Mar
2023

Unsecured Loans With Bad Credit: Three Real Options

When a person falls on hard times, getting an unsecured loan is just one more mountain that looks impossible to climb. Though your traditional places for seeking a loan – banks and credit unions – may be unable to help, all hope is not lost. Even people with bad credit can get an unsecured loan from specialist online lenders who are happy to work with those borrowers who need extra help. Before you go looking for an online unsecured loan, however, make sure that you are educated about your choices and the lending process.

Defining Basic Loans

In the lending world there are two basic loan options. The first is a secured loan. This is when someone borrows money by using property as collateral, or insurance. Bad credit matters less in getting a secured loan because the value of the property leveraged gives the lender assurance that even if the debt obligation is not met, he will have something to show for his efforts.

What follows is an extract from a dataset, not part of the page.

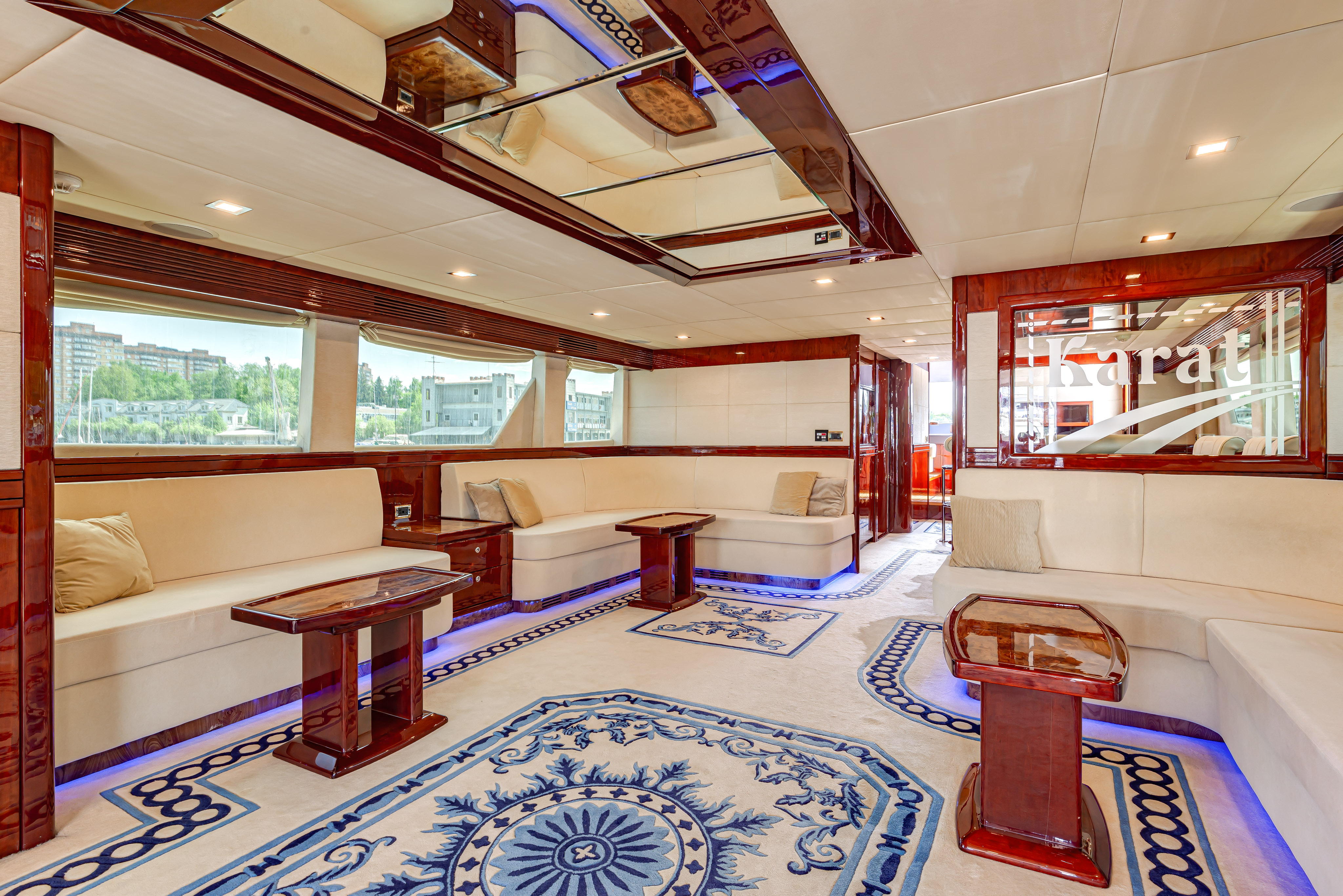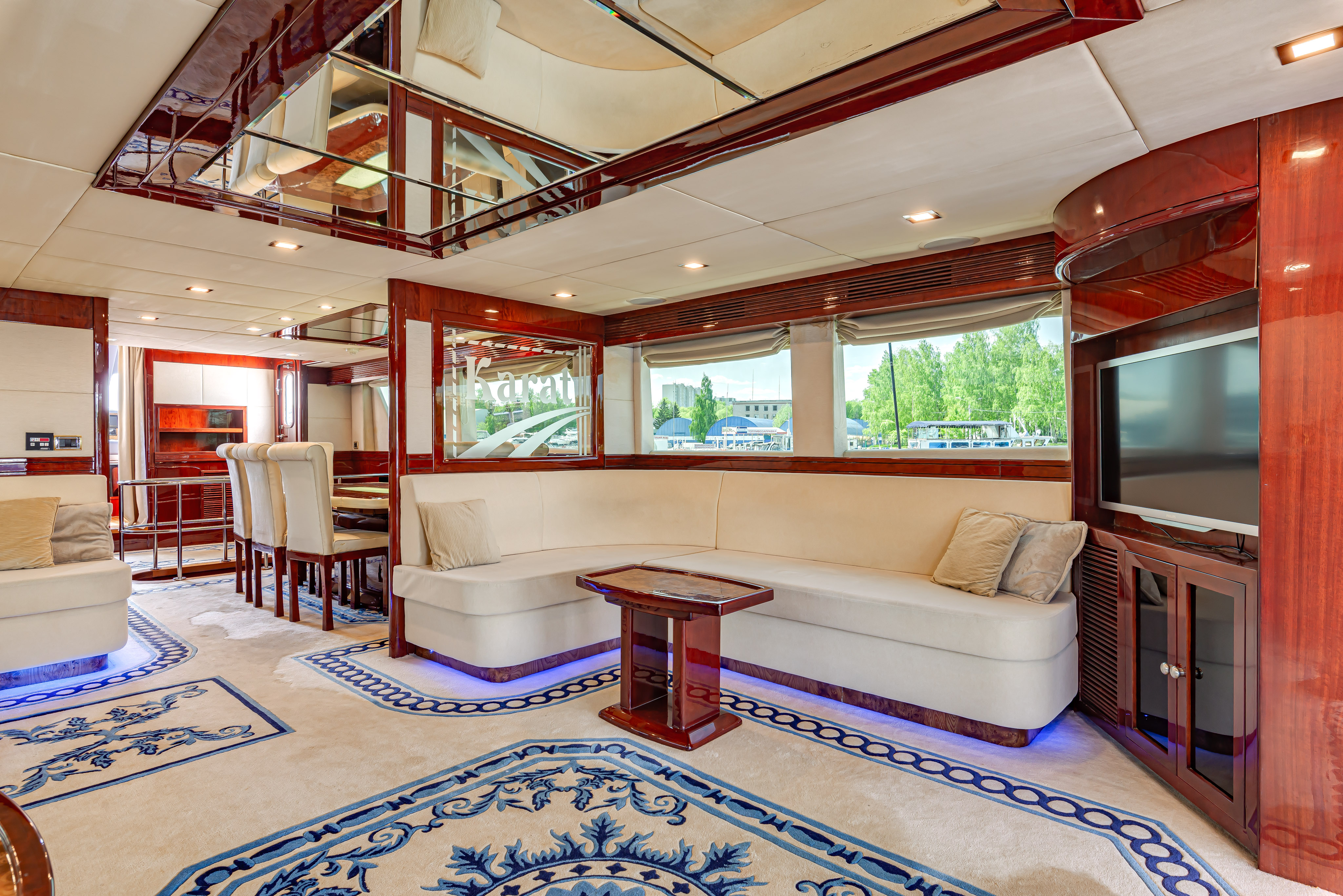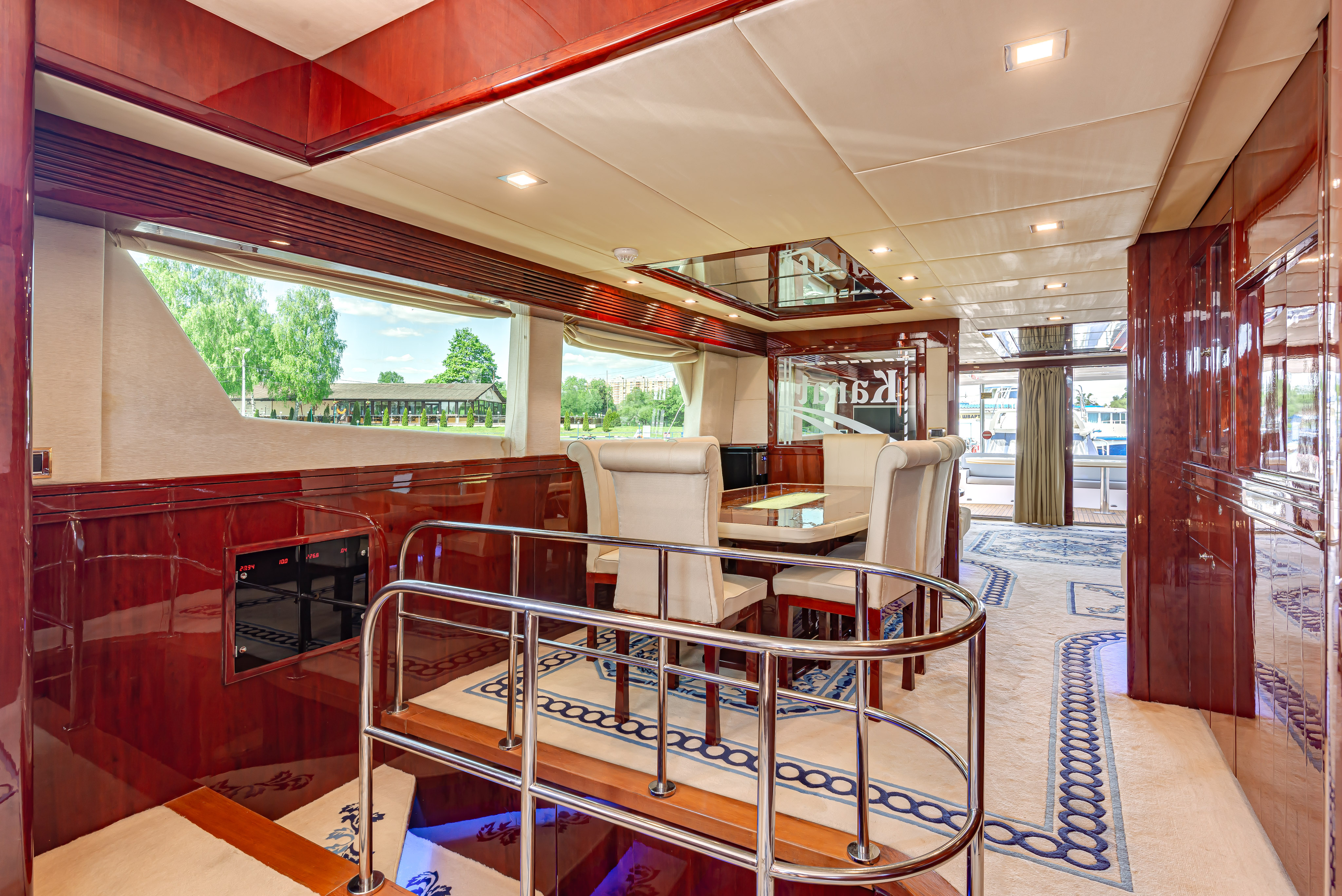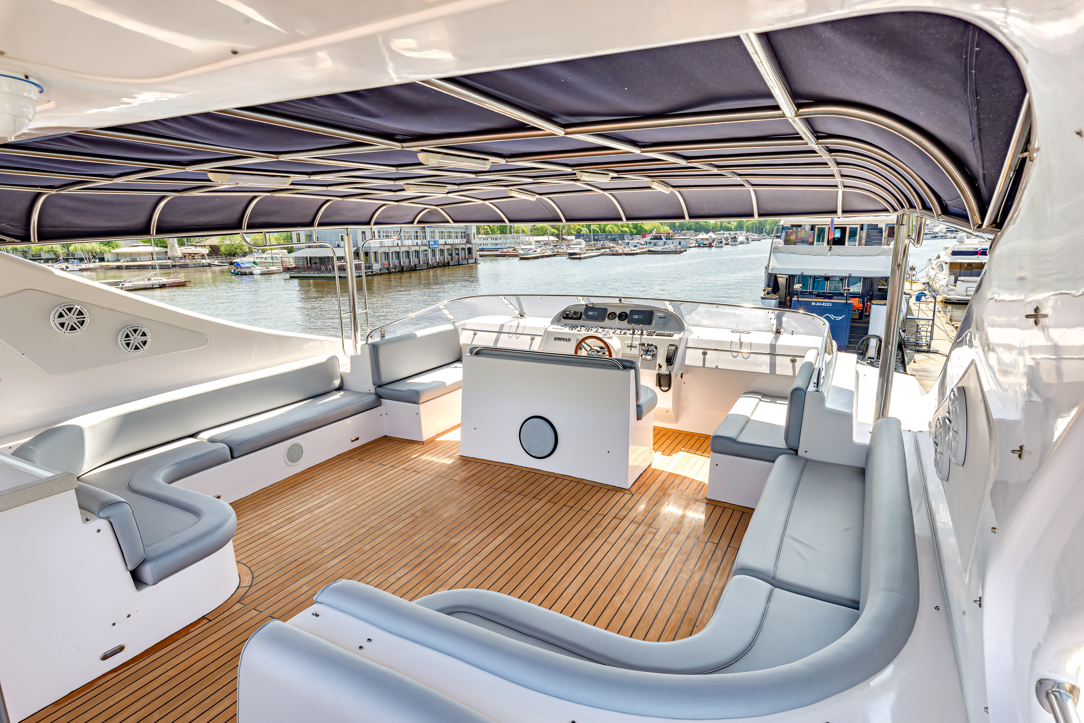 Простор на верхней палубе (флайбридже) с зоной отдыха и барбекю как будто специально создан для вечеринок во время дневных прогулок по Подмосковью или отдыха во время круиза по Волге.

The other option, and unsecured loan, is a far riskier proposition. In this case, the borrower offers nothing to the lender as assurance of repayment. Instead, the value of the loan is unsecured and subject to total loss should the borrower fail to provide timely repayment. Lenders are therefore highly suspicious of any borrower looking for an unsecured loan and having bad credit will demote you in their minds even more.

Unsecured Lending Options

All this does not mean, however, that you are completely left out to dry if you are a borrower with bad credit. Unsecured loans do exist for people like you and, in fact, come in several varieties. The key is figuring out which loan package suits your needs best and then finding the best possible lender to provide it.

Option #1: Personal Loans

Unsecured personal loans are the hardest to obtain with bad credit, but also the most versatile and safe. This is a traditional long-term loan that will give anywhere from $5,000-$25,000 to be repaid over a period of 5-15 years. Interest rates on these loans are not as high as some other options, but borrowers with bad credit will likely need to find a cosigner in order to qualify. If you have a reliable cosigner, however, this may be a great choice.

Option #2: Payday Loans

For times when you need a relatively small amount of cash quickly, payday loans present a real viable option. Generally given for $100-$1,500, payday loans are a short-term fix for cash flow issues. These loans carry higher interest rates, but that is primarily because they are only given for a very short period of time – generally 14-90 days only. If you take a payday loan, you will not be subject to a credit check, but you will also need to be sure you can repay your loan quickly.

Option #3: An Unsecured Credit Card

The final option available to borrowers with bad credit is an unsecured credit card. Though you will likely only qualify for a small line of credit at first, unsecured credit cards allow you the freedom to spend as much or as little of your credit line as you want without the burden of repayment of the whole. You can budget around your expenses. The interest rates on these cards can be quite high, however, so it is necessary to spend wisely.

Getting the Right Loan

When someone has bad credit, finding the right unsecured loan can be a challenge. However, there are clearly options out there to suit all needs and lifestyles. Make sure you review these choices before deciding which unsecured loan is the right choice for you.

Jan
2023

Hard Money Home Equity Loans: Understanding Bad Credit Loan Consolidation

Hard money equity loans in the prevailing market are loans at a premium mortgage rate to the borrower in exchange for a “no red tape” 2nd mortgage loan. The money may be used by the lendee for whatever purpose they chose so long as the equity in the property or collateral provided is sufficient to cover the loan.

The term hard money loan initially meant a loan for hard cash. Today the term has been enhanced to cover loans for non-conventional loans such as investments, private funded loans, home equity loans and equity line of credit loans. Now it is possible to refinance your primary mortgage to get cash, consolidate debt and purchase investment properties instead of a taking out a purchase loan as a non-owner occupied investment property.

A maximum loan on property owned by the borrower is called a cash out loan. The borrower has a loan to value, which means the loan on the property, or collateral used is equal to the value of the property or collateral used to secure the loan. This type of loan has a higher interest rate than the “A paper” home equity loan that has a fixed rate around prime.

A home equity loan is one type of loan available for a hard money cash out loan. The Payment option negative ARM is another good 1st mortgage for investment properties if the borrower is looking for a short-term loan or if being self-employed has created some cash flow concerns.

A negative ARM mortgage calls for the payment of interest only on the loan. If the interest for a period is not paid in full the balance is added to the mortgage. The end result is an increased mortgage balance and a loss of equity in the property used for collateral. As the mortgage balance increases, the interest on the mortgage loan increases even though the interest rate remains the same. If both the loan balance and the interest rate increase, the property owner may be forced to sell or the loan may be foreclosed.

A home equity lender may require all or some of the following items before making a hard money loan.

1. A clear precise description of the property

2. Home Title to collateral

3. Borrower must show expertise in the field the loan will be used in

4. Mortgagor must accept all lender terms unconditionally

Because the interest rates are higher, and state laws may vary, borrowers should examine all ramifications before considering hard money loans.